■ Provided entries ■
"""

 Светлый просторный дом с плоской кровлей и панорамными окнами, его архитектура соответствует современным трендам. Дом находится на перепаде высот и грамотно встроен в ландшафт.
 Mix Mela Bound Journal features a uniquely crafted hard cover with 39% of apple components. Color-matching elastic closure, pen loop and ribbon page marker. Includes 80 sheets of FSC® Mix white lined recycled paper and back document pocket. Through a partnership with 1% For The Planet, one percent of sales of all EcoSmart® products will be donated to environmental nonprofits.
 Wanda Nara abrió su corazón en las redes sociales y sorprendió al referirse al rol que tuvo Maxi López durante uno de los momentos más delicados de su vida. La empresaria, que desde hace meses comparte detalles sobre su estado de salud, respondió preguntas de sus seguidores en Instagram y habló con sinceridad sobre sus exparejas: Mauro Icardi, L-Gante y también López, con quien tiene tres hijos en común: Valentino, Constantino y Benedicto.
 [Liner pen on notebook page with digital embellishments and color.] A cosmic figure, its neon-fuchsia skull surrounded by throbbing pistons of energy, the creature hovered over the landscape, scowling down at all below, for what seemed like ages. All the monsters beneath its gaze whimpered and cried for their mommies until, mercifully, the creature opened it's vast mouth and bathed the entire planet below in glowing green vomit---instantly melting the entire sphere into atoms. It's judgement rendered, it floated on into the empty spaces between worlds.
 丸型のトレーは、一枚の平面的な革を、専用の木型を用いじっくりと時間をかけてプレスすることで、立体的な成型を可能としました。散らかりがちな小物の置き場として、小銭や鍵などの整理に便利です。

"""
"""

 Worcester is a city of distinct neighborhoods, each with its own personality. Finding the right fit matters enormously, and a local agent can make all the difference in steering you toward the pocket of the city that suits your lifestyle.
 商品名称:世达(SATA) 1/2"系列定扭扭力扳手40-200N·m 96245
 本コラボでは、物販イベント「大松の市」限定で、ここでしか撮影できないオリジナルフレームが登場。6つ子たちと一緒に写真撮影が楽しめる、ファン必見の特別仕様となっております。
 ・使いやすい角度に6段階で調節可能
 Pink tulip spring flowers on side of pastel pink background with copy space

"""
"""

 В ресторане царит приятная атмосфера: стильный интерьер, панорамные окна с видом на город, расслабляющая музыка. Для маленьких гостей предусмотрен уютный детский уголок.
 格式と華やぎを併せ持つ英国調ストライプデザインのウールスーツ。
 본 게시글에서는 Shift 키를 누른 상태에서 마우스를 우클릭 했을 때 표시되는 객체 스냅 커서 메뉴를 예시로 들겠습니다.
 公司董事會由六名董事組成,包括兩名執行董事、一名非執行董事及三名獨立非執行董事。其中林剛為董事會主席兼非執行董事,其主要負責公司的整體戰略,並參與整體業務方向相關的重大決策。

"""

■ Problem requirements ■
Within the listing above, find every line containing the string "pocket" and return it.

■ Written response ■
 Mix Mela Bound Journal features a uniquely crafted hard cover with 39% of apple components. Color-matching elastic closure, pen loop and ribbon page marker. Includes 80 sheets of FSC® Mix white lined recycled paper and back document pocket. Through a partnership with 1% For The Planet, one percent of sales of all EcoSmart® products will be donated to environmental nonprofits.
 Worcester is a city of distinct neighborhoods, each with its own personality. Finding the right fit matters enormously, and a local agent can make all the difference in steering you toward the pocket of the city that suits your lifestyle.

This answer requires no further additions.